The Knights landing, Intel Xeon Phi processor is a bootable host processor that delivers massive parallelism and vectorization to support the most demanding High Performance Computing (HPC) applications. The integrated and power-efficient architecture delivers significantly more compute per unit of energy consumed versus comparable platforms to give you an improved total cost of ownership. The integration of memory and fabric topples the memory wall and reduces cost to help you solve your biggest challenges faster. Read the MFDn Case Study.
2nd generation Intel Xeon Phi processors code-named Knights Landing (KNL) are specialized computing platforms capable of delivering better performance than general-purpose CPUs such as Intel Xeon products for some applications. Applications run best on Knights Landing if they have high degree of parallelism and well-behaved communication with memory. Read the BerkeleyGW Case Study.
In Knights Landing, each of its ≤ 72 cores has an L1 cache, pairs of cores are organized into tiles with a slice of the L2 cache symmetrically shared between the two cores, and the L2 caches are connected to each other with a mesh. All caches are kept coherent by the mesh with the MESIF (Modified Exclusive Shared Invalid Forward) protocol states of cache lines. In the mesh, each vertical and horizontal link is a bidirectional ring.
To maintain cache coherency, KNL has a distributed tag directory (DTD), organized as a set of per-tile tag directories (TDs), which identifies the state and the location on the chip of any cache line. For any memory address, the hardware can identify with a hash function the TD responsible for that address.
These improvements in cache organization in KNL come with increased complexity of the chip hardware. To manage this complexity and set the optimal mode of operation for any given computational application, the programmer has access to cache clustering modes.
When an application requests data from memory address, the processing tile (let’s call it tile A) will first query the local cache to see if the requested memory address is present there. If it is, the calculation will proceed with minimal latency for data access. Otherwise, tile A will query the DTD for the cache line (i.e., a 64-byte block of memory) containing that data. This means that a message will be sent from tile A to a TD on another tile (call it tile B). If according to the TD, this cache line is present in some other tile’s L2 cache (call it tile C), another message will be sent from tile B to tile C, and finally, tile C will send the data to tile A. If the requested memory address is not cached, tile B will forward the request to the memory controller responsible for this address (call it controller D). This may be on-package MCDRAM-based memory controller or on-platform DDR4-based memory controller.

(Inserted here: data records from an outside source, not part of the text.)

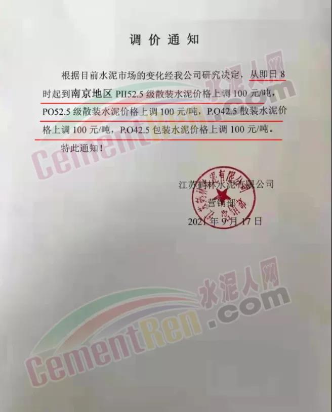 江蘇鶴林水泥有限公司通知,從17日8時起南京地區(qū)各標(biāo)號水泥上調(diào)100元/噸。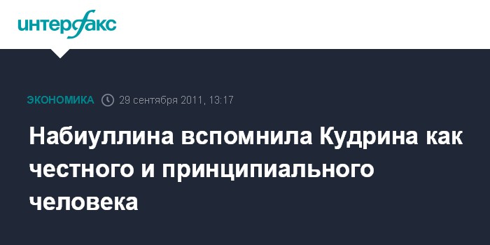 Москва. 29 сентября. INTERFAX.RU - Глава Минэкономразвития Эльвира Набиуллина отмечает честность и принципиальность бывшего вице-премьера, министра финансов Алексея Кудрина. Она назвала его очень высоким профессионалом, который честно всегда защищал свою позицию, был принципиальным.
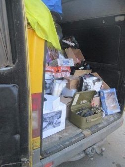 Допоки ми спілкувалися з Сергієм, до жовтого мікроавтобусу «Серця патріота» під’їхав бієць 14-тої ОМБ, також новообраний депутат Луцької міськради від УКРОПу Олександр Кравченко. Він привіз солдатам дитячі малюнки та солодощі. Волонтери жартують, що ці дитячі шедеври слугуватимуть шпалерами стін кубриків солдат.

It’s in the developer’s interests to maintain locality of these messages to achieve the lowest latency and greatest bandwidth of communication with caches. Knights landing supports all-to-all, quadrant/hemisphere and sub-NUMA cluster SNC-4/SNC-2 modes of cache operation.

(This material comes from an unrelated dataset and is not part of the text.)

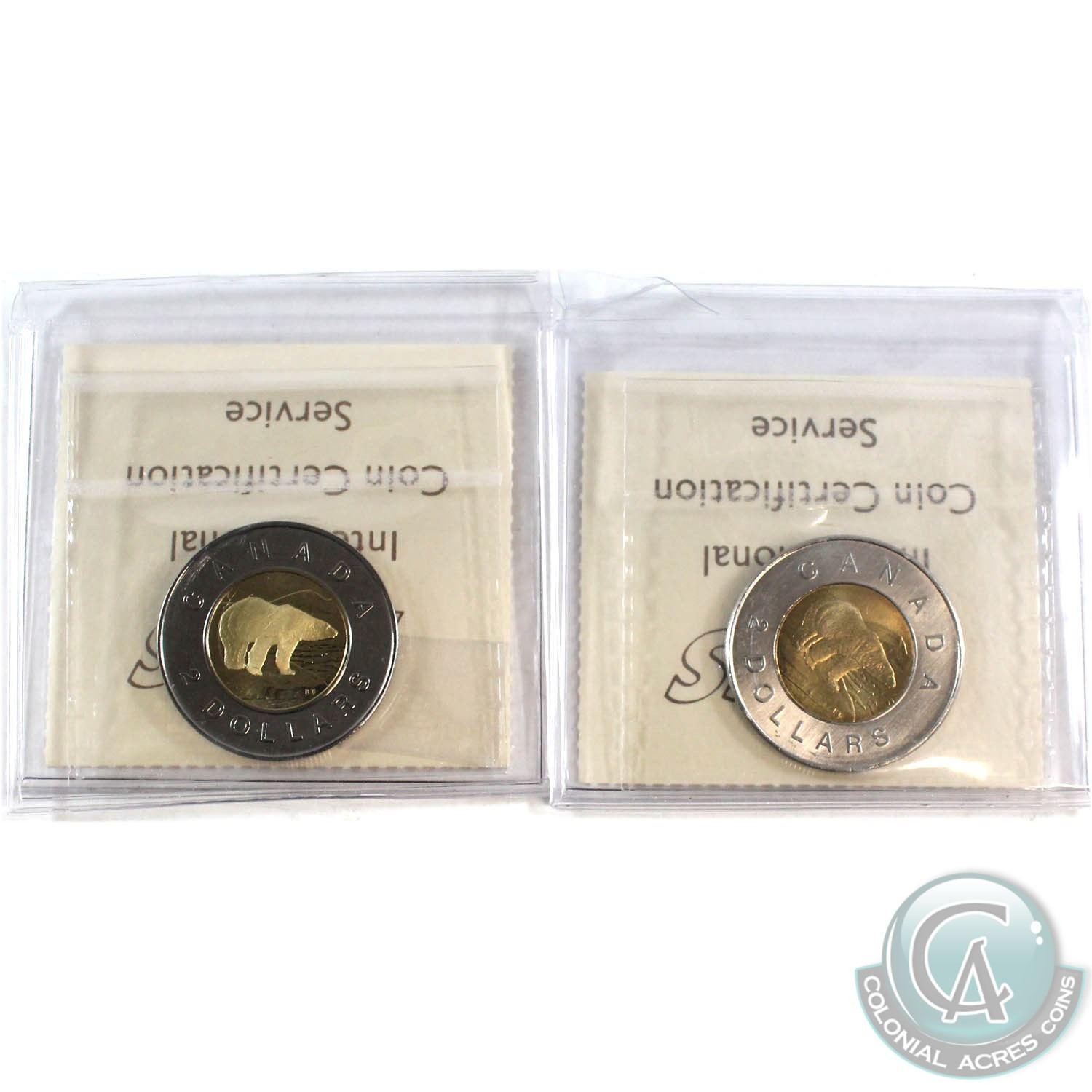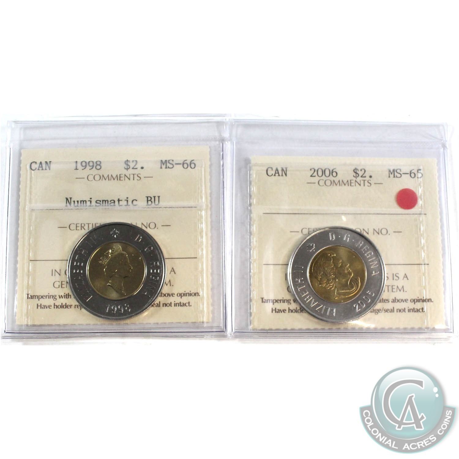 1998 Canada $2 ICCS Certified MS-66 NBU & 2006 Canada $1 ICCS Certified MS-65. 2pcs.

With the all-to-all clustering mode, memory addresses are uniformly distributed across all TDs on the chip. This mode can have unfortunate cases where the points are far apart, and the latency of cache hits and cache misses is long. The all-to-all mode should not be used for day-to-day operation of Knights Landing. It is supported for troubleshooting and for situations where other clustering modes cannot operate.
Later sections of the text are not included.